* [Task instructions]
Starting with the line that contains "微信公众平台手机版公测,你可" and stopping after the line that contains "initial ventricular depolarisation", copy the entries below exactly. Include nothing else.

* [Supplied material]
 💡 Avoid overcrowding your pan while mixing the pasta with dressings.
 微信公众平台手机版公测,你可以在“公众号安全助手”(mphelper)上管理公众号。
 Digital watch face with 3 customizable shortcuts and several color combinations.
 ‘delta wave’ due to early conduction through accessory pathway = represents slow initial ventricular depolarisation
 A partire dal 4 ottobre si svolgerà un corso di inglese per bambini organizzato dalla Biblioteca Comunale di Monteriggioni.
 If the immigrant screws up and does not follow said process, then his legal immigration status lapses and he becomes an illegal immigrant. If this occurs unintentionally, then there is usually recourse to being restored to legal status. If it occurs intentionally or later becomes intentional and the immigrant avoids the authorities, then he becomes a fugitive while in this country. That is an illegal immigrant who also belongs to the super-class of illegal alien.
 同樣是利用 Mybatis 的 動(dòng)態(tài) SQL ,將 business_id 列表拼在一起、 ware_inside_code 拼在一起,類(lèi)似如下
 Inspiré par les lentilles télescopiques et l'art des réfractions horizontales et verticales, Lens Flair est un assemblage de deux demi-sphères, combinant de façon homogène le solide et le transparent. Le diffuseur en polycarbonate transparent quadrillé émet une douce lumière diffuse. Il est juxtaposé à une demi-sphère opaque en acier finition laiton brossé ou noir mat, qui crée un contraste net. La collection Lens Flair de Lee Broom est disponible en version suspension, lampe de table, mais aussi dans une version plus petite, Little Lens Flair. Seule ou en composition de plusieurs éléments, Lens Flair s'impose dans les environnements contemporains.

* [Answer to the exercise]
 微信公众平台手机版公测,你可以在“公众号安全助手”(mphelper)上管理公众号。
 Digital watch face with 3 customizable shortcuts and several color combinations.
 ‘delta wave’ due to early conduction through accessory pathway = represents slow initial ventricular depolarisation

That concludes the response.